A Associação Nacional dos Servidores do Ministério Público (ANSEMP) questionou no Supremo Tribunal Federal (STF) lei do Estado de Goiás que disciplina o pagamento dos adicionais de insalubridade e periculosidade aos servidores públicos estaduais. Na Ação Direta de Inconstitucionalidade (ADI) 5660, a entidade alega que por ser de iniciativa do governador, a Lei goiana 19.573/2016 não poderia alcançar os servidores do Ministério Público estadual (MP-GO).

Segundo a associação, a norma questionada afronta o artigo 37, incisos X e XV, e artigo 127, parágrafo 2º, da Constituição Federal, uma vez que é assegurada plena autonomia do Ministério Público e a competência privativa do chefe da instituição para deflagrar processo legislativo sobre o plano de cargos e carreiras de seus servidores.

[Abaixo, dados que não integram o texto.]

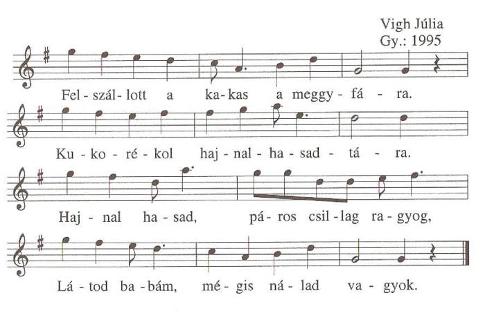 Felszállott a kakas a meggyfára.Kukorékol hajnal hasadtára.Hajnal hasad, páros csillag ragyog,Látod babám. mégis nálad vagyok.
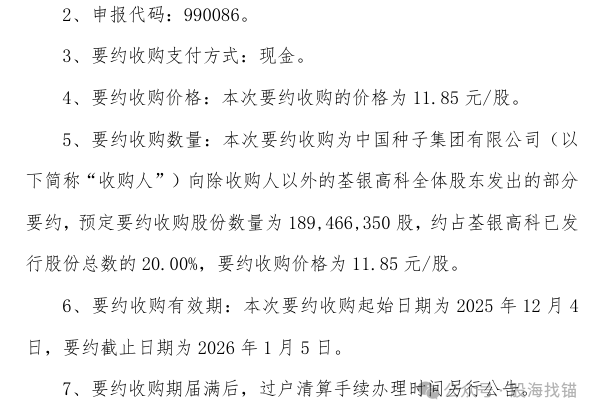 2、荃银高科(300087)发布《关于中国种子集团有限公司要约收购公司股份的申报公告》,预示着要约收购正式落地实施,本次要约收购起始日期为2025年12月4日,要约截止日期为2026年1月5日。

Sustenta que o artigo 2º da Lei 19.573/2016, do Estado de Goiás, disciplinou a concessão do adicional de periculosidade e insalubridade também aos servidores do Ministério Público, matéria de organização interna do órgão.

De acordo com a ANSEMP, a norma questionada é inconstitucional também pela constatação de redução dos percentuais pagos a título de adicional de insalubridade e periculosidade, “sem a adoção de qualquer mecanismo visando evitar a indesejada e inconstitucional redução de vencimentos”. Assim, salienta que “ao chefe do Poder Executivo é assegurada a prerrogativa exclusiva de iniciar o processo legislativo sobre matérias de organização interna daquele Poder, incluindo o plano de carreira de seus servidores, sendo que tal prerrogativa não abarca a organização e o plano de carreira dos Poderes Legislativo, Judiciário e Ministério Público”.

Na ADI, a entidade lembra jurisprudência do Supremo (ADI 2513) segundo a qual a autonomia e a independência constitucional do Ministério Público se destina aos demais Poderes da República, para que esses não venham a incidir sobre a organização interna da instituição. Cita precedente da Corte (ADI 4203) no sentido de que é inconstitucional lei que disponha sobre organização, plano de carreira e regime jurídico de membros e servidores do Ministério Público quando não observada a competência privativa da propositura legislativa.

Dessa forma, a ANSEMP pede o deferimento da liminar para suspender a eficácia das expressões “Ministério Público” e “parágrafo 3º do artigo 30 da Lei 14.810/2004”, respectivamente previstas no artigo 2º e artigo 29 da Lei estadual 19.573/2016. No mérito, requer que seja declarada a inconstitucionalidade das expressões citadas.